I am experimenting with the Curation System. I have written a task to
crawl a collection/community and identify specific items that are exception
cases (restricted items, multiple bitstreams, non-standard bitstream type).
https://gist.github.com/terrywbrady/24f6ddf24d9026149aff
The process is working well for me, but I encounter memory/heap/garbage
collection exceptions when I attempt to process my largest collection.
That collection contains 150,000 items.
I have discovered that I need to crank up the memory and turn on
incremental garbage collection in order to get the process to complete.

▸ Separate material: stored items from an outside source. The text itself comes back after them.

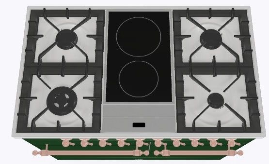 2 индукционные, 4 газовые, 1 Dual конфорка
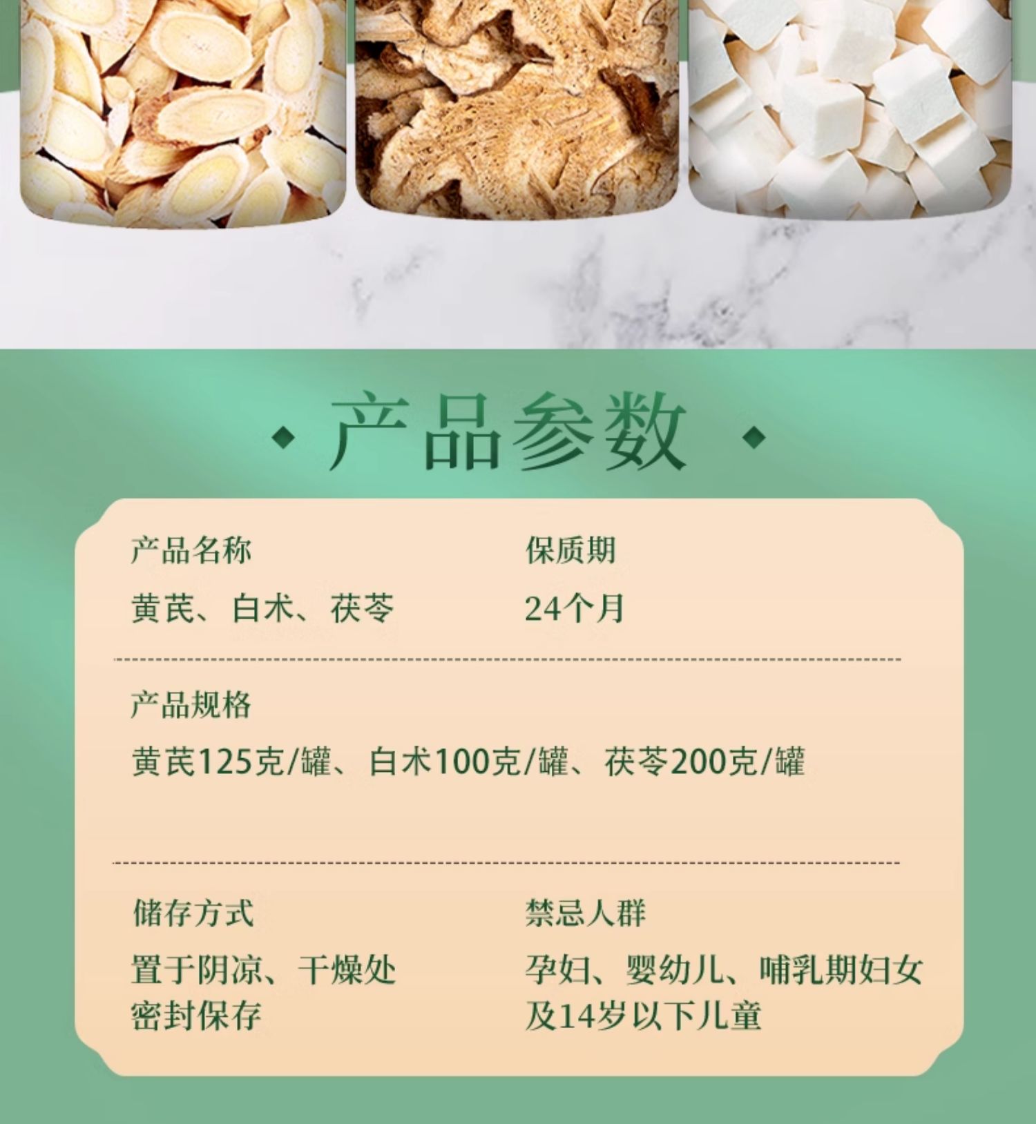 黄芪白术茯苓茶特级野生泡水干货500g克批发中药材正品官方旗舰店
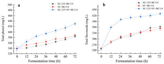 Changes in total phenol (a) and total flavonoid levels (b) during fermentation of navel orange fruit wine.
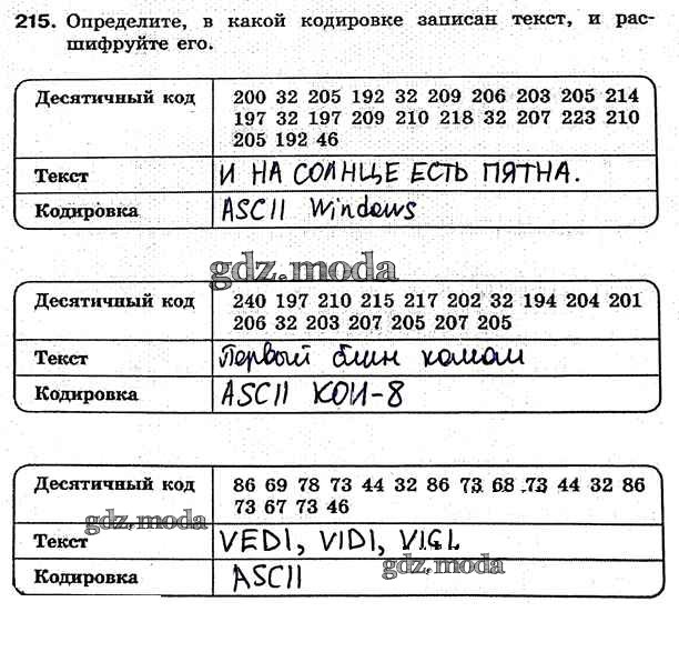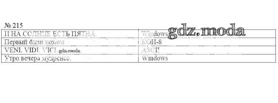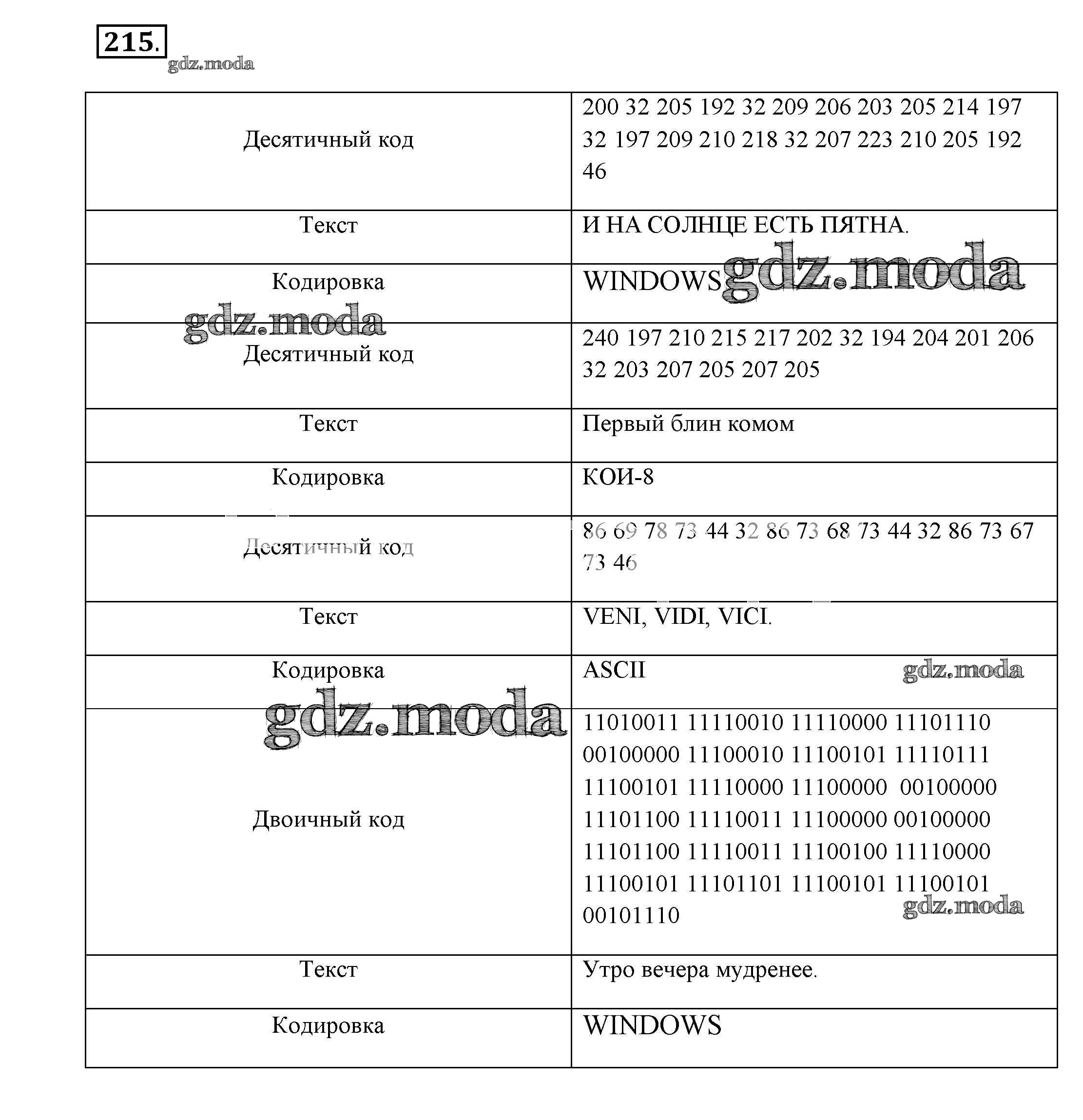 ГДЗ решение к заданию № 215 Информатика 7 класс рабочая тетрадь Босова Л.Л. Бином 2018 ФГОС бесплатно на гдз.мода!
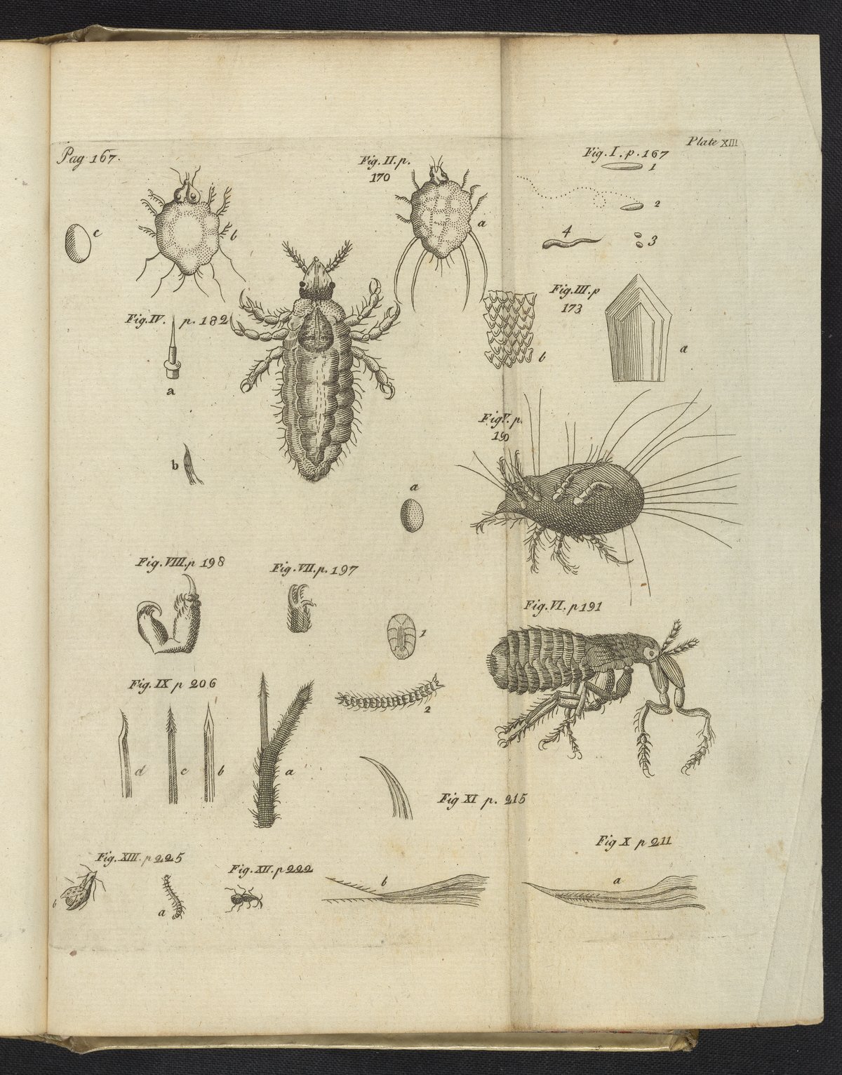 Plate XIII: Animalcules of the teeth; scabies/skin/lice/snake tooth and various insects under magnification

export JAVA_OPTS="-Xmx3000m -Xincgc"
Since I am simply processing items in a read-only fashion, I am surprised
that I have needed these settings in order to process my collection. Can
you recommend a more efficient way to traverse the collection and the items?
CONTEXT INITIALIZATION
I attempted to set the READ_ONLY option to prevent result caching.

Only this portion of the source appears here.